We will further strengthen efforts aimed at safety, the environment and quality, and accelerate both the Safety and Environmental Technology Project and the Alternative Fuel Project being implemented across the entire company. Furthermore, we have fully commenced business reform through BPR amid the significant changes in the business environment. By reviewing tasks and operational flows from the ground up and optimizing business processes throughout the entire company including the unification of data, we intend to be able to devote more time to more creative tasks.

The importance of sustainability

People have been forced to make significant changes due to the spread of COVID-19, providing a renewed awareness of the importance of sustaining society, the environment and the economy, which is sustainability in a word. Although demand for international transportation temporarily decreased through this, it has retained underlying stability, and we have been repeatedly reminded of the importance of the sustainability of shipping as a lifeline and infrastructure supporting people’s life and the economy.

The company is conducting ESG management and has positioned efforts aimed at safety, the environment and quality as priority issues in the Management Plan and will aim to ensure sustainability into the future.

In terms of the environment, we revised the “K” Line Environmental Vision 2050 last year, establishing greenhouse gas reduction targets exceeding those of the IMO. In order to achieve these, we are currently examining implementation plans for each business division in a project spanning the entire company. One specific move is expansion of utilizing LNG fuel. Last year, we commenced the LNG fuel supply business in the Chubu Region, and following ship management of an LNG fuel supply vessel in Singapore, we are also scheduled to complete construction of the company’s first LNG-fueled vessel this year. Testing aimed at the practical implementation of “Seawing” using wind power is also underway. Furthermore, research on next-generation fuels is also being conducted through a companywide project with the aim of halving the total amount of greenhouse gas emissions as targeted for 2050.

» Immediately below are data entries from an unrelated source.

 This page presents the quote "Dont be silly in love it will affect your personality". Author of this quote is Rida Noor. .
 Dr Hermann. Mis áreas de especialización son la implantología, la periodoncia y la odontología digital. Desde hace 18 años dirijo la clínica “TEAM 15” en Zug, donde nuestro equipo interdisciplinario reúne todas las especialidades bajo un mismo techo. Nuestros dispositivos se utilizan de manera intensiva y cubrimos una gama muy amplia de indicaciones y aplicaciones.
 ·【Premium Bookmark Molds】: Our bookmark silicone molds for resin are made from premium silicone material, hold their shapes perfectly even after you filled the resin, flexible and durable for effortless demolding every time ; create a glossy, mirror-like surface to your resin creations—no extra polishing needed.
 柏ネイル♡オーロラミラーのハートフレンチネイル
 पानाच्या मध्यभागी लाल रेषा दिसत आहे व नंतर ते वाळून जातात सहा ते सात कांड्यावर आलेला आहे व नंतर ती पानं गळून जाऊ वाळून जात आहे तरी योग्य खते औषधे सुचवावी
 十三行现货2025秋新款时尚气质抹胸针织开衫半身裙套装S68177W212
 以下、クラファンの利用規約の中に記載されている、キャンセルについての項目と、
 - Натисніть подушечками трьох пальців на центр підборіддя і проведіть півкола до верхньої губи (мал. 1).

In terms of the aspect of safety, which is positioned as the “S” in ESG, we will strengthen safety in navigation of all vessels regardless of whether owned or chartered, and the systems for supporting this. COVID-19 has accelerated the digitalization of society, including maritime industries. In addition to expanding the use of the “K-IMS” integrated vessel operation and performance management system to chartered vessels, we will also promote the reduction of crew workloads and work style reforms through the digitalization of work on ships and research on the utilization of telecommunications technology on ships.

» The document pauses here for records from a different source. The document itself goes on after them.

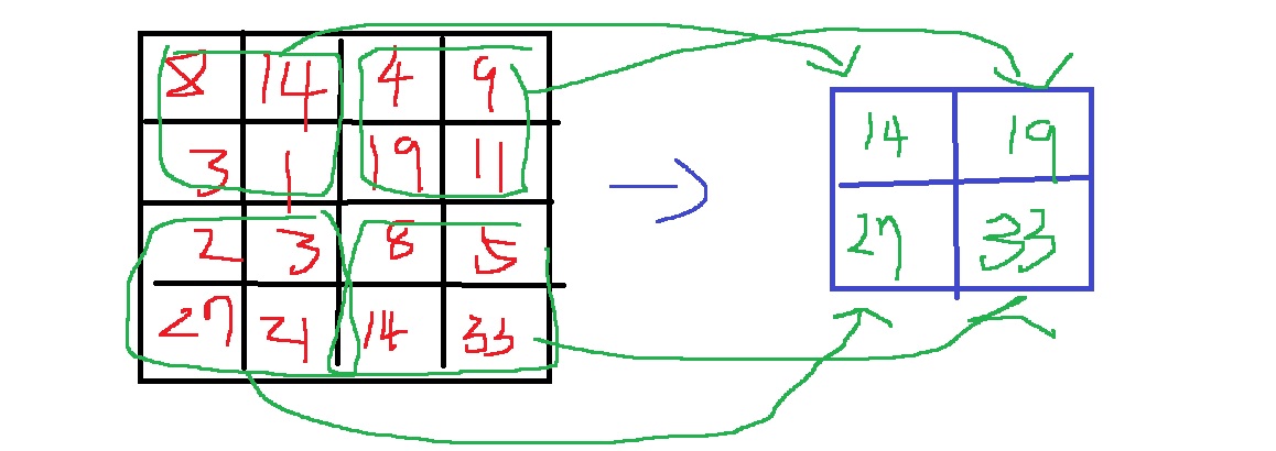 좌상단부터 2*2 크기의 8,14,3,1중 최댓값인 14를 가져오고, 4,9,19,11중 최댓값인 19를 가져오고,
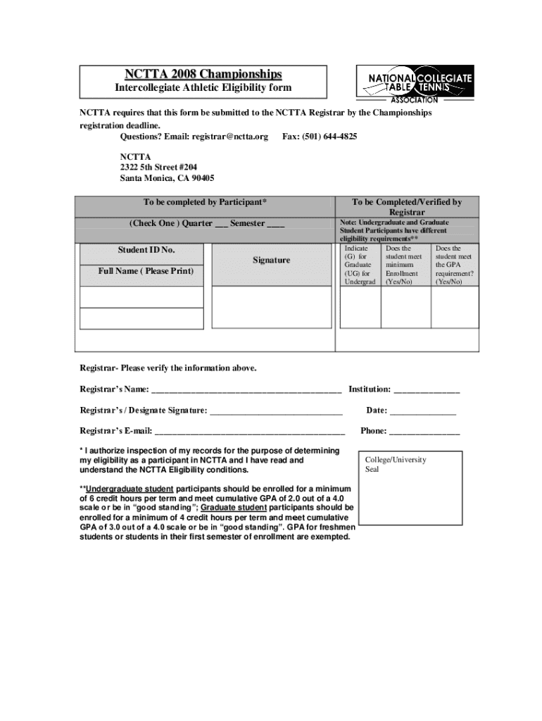The NCTTA 2008 Championships involved several key forms, including the Singles Registration Form, Doubles Registration Form, and Team Registration Form. Each form had distinct requirements, which participants needed to understand thoroughly. To facilitate the process, the forms were available in an easily accessible online format through pdfFiller, enabling participants to download, complete, and submit their forms conveniently.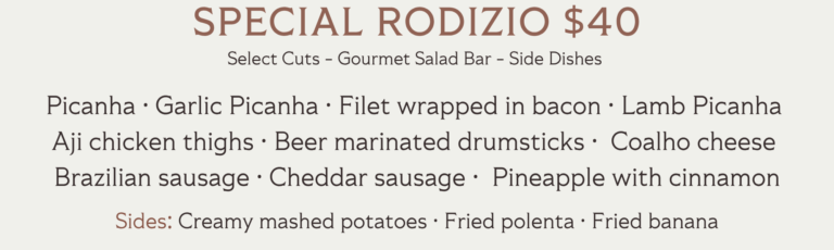 Join us Fridays and choose between our Gourmet Bar with optional à la carte selections or our Special Rodizio.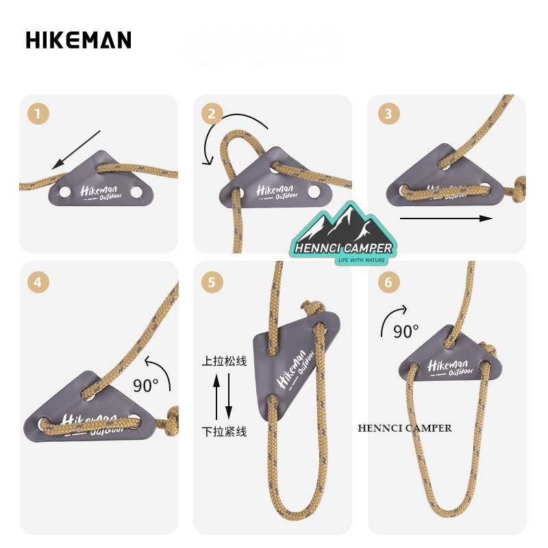 HIKEMAN ตัวปรับเชือกสามเหลี่ยม 3 รู ตัวล็อกเชือก ตัวเร่งเชือก รูขนาด6mm,8mm
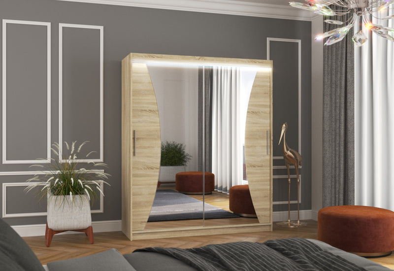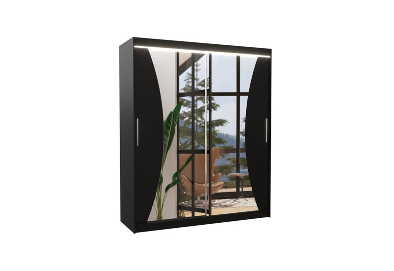 Posuvná skriňa so zrkadlom SWIFT. Je vyrobená z vysokokvalitného materiálu s hrúbkou 1,6 cm. Šatníková skriňa ponúka dostatok úložného priestoru. Vnútorná časť šatníka je zakrytá posuvnými dverami so zrkadlom. Šatníková skriňa je k dispozícii vo viacerých farebných prevedeniach. Možnosť s LED osvetlením.

The stagnation of crew rotation due to COVID-19 has placed a physical and mental burden on crews and their families and brought about concerns for safety navigation associated with this. Although the situation is gradually improving, the company is working with the relevant organizations to ensure a healthy working environment and safe operation.

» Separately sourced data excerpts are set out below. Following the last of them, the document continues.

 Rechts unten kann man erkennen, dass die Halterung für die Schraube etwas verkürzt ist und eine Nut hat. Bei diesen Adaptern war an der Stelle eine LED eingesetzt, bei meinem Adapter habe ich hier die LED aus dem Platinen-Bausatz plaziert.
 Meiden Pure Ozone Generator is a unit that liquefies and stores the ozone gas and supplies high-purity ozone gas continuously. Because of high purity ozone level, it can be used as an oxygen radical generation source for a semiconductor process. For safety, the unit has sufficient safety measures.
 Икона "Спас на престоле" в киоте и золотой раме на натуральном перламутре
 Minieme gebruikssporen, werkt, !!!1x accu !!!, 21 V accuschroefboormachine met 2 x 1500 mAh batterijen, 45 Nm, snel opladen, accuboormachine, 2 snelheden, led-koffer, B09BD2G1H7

COVID-19 has had a significant impact on the company’s business. Meanwhile, we have been able to use the critical situation as an opportunity to fundamentally revise our business plan and make efforts to strengthen sustainability. Adversity presents us with the opportunity to change. The highly uncertain environment will continue, but we should remain responsive to change, and taking action toward the aim of being a group that contributes to the future.

In closing, I wish all of you, the members of the entire “K” Line Group and your families, good health and prosperity as we celebrate the New Year and pray that all our ships will navigate safely throughout 2021.